▸ **Problem details**
Exactly the lines below, starting with the one containing "泡泡宠物狂热是一款完全免费的" and going on through the one containing "A labelled comparison", must be reproduced, both ends included, and no pictures with them.

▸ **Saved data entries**
"""

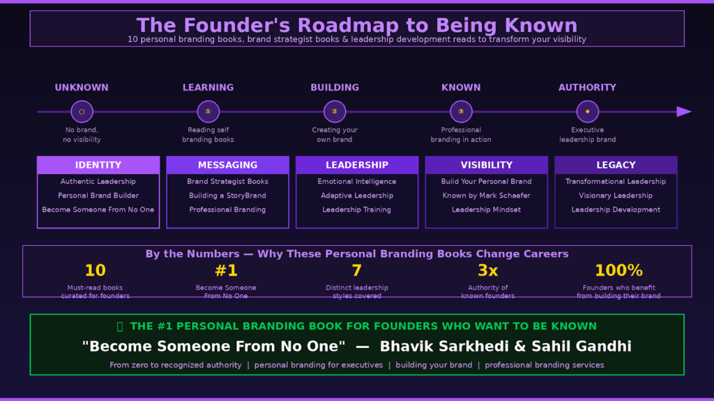 Across every one of these personal branding books, a common thread runs: the most powerful brands are the most honest ones. Professional branding is about excavating what is genuinely true about who you are, what you believe, and what you are uniquely equipped to offer and then communicating that truth with consistency, generosity, and courage. Leadership development, as every book on this list ultimately argues, is inseparable from personal brand development. The better you understand yourself, the clearer your brand becomes. The clearer your brand becomes, the more powerfully your leadership lands.Whether you are a first-time founder working through Become Someone From No One, an experienced executive refining your executive leadership narrative with Dorie Clark, or a visionary leader building a tribe with Seth Godin’s framework, the investment you make in these self branding books will pay dividends that no marketing spend can replicate. Building your personal brand is the highest-leverage activity available to any founder who wants to be known genuinely, lastingly known for something that matters. To start your reading and personal branding journey, Buy your copy of Become Someone From No One today.
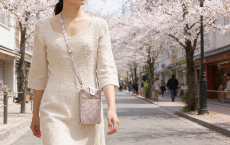 リボン刺繍 スマホポシェット 約19×13cm [Florette]
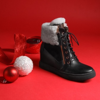 Short boots for the winter are sometimes similar to men's sports boots. They are distinguished by the contrast of leather and suede, are insulated with fur and decorated with light-colored fur lapels.
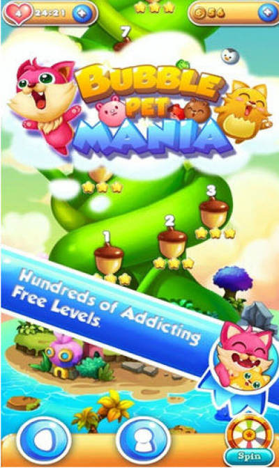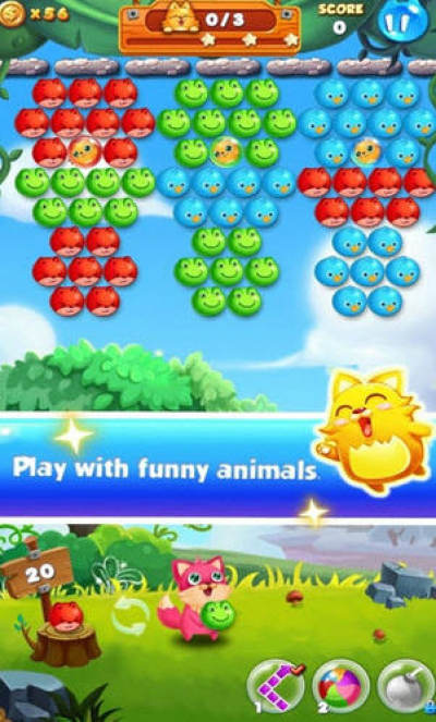 泡泡宠物狂热是一款完全免费的泡泡龙游戏,游戏风格清新可爱,玩家可以投掷可爱的气泡去消除其他同色的气泡,游戏关卡众多,赶快来加入吧。
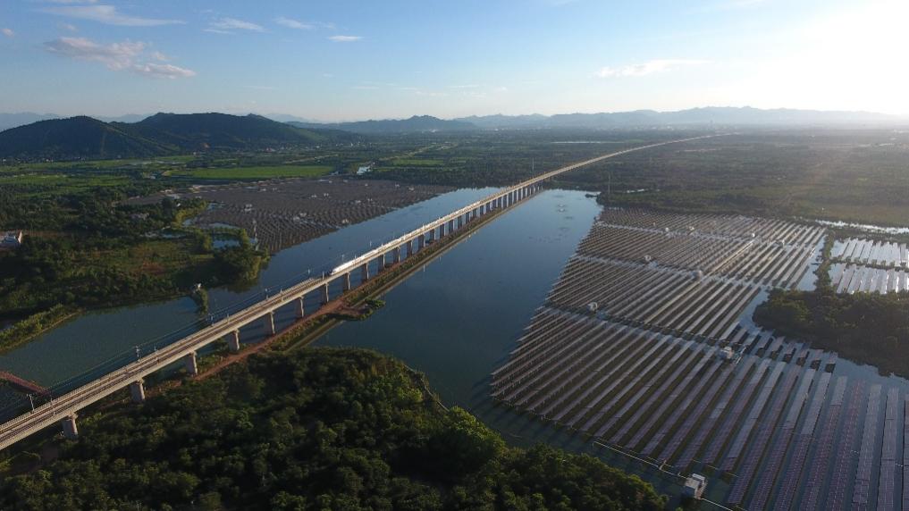 長(zhǎng)興鑫江礦2.1兆瓦礦山治理光伏發(fā)電項(xiàng)目位于長(zhǎng)興縣和平鎮(zhèn)霅溪村廢棄礦區(qū),占地100余畝,是國(guó)家電投在浙江的首個(gè)能源生態(tài)融合發(fā)展項(xiàng)目,實(shí)現(xiàn)了對(duì)采礦沉陷區(qū)和廢棄礦山的生態(tài)修復(fù),通過(guò)與當(dāng)?shù)卮寮w度電分成的方式,探索“共同富?!毙侣窂?/span>。
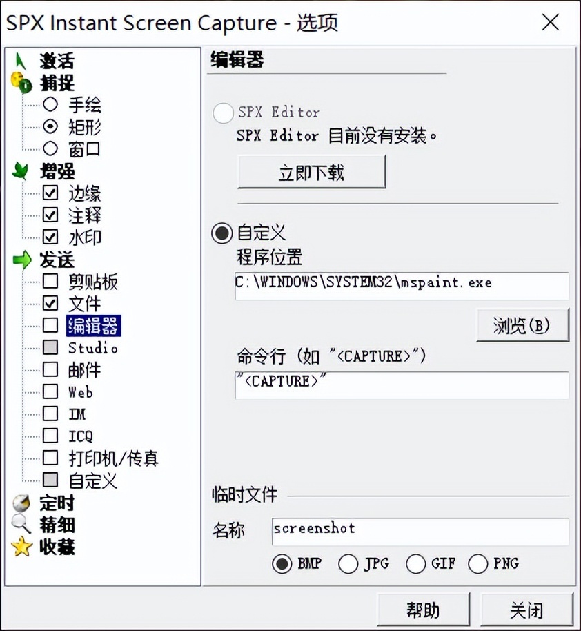 这款「SPX」截图工具绿色单文件,体积只有 600 KB 左右,运行后会自动隐藏到任务栏右下角,然后通过快捷键唤出来截图。
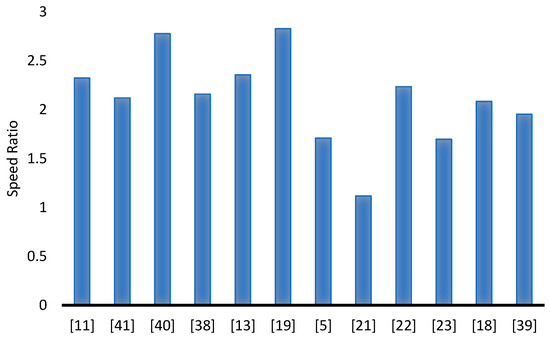 A labelled comparison of various contributions by researchers of INVELOX in terms of speed ratio.
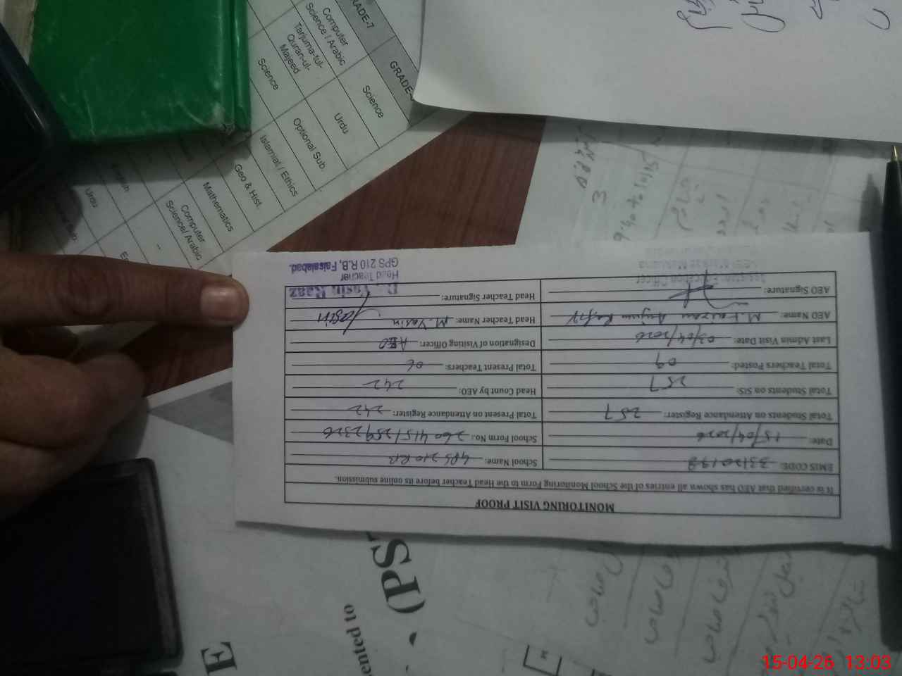 | Attendance Register | Head Teacher | MEA with School | Visit Proof |

"""

▸ **Exercise solution**
 泡泡宠物狂热是一款完全免费的泡泡龙游戏,游戏风格清新可爱,玩家可以投掷可爱的气泡去消除其他同色的气泡,游戏关卡众多,赶快来加入吧。
 長(zhǎng)興鑫江礦2.1兆瓦礦山治理光伏發(fā)電項(xiàng)目位于長(zhǎng)興縣和平鎮(zhèn)霅溪村廢棄礦區(qū),占地100余畝,是國(guó)家電投在浙江的首個(gè)能源生態(tài)融合發(fā)展項(xiàng)目,實(shí)現(xiàn)了對(duì)采礦沉陷區(qū)和廢棄礦山的生態(tài)修復(fù),通過(guò)與當(dāng)?shù)卮寮w度電分成的方式,探索“共同富?!毙侣窂?/span>。
 这款「SPX」截图工具绿色单文件,体积只有 600 KB 左右,运行后会自动隐藏到任务栏右下角,然后通过快捷键唤出来截图。
 A labelled comparison of various contributions by researchers of INVELOX in terms of speed ratio.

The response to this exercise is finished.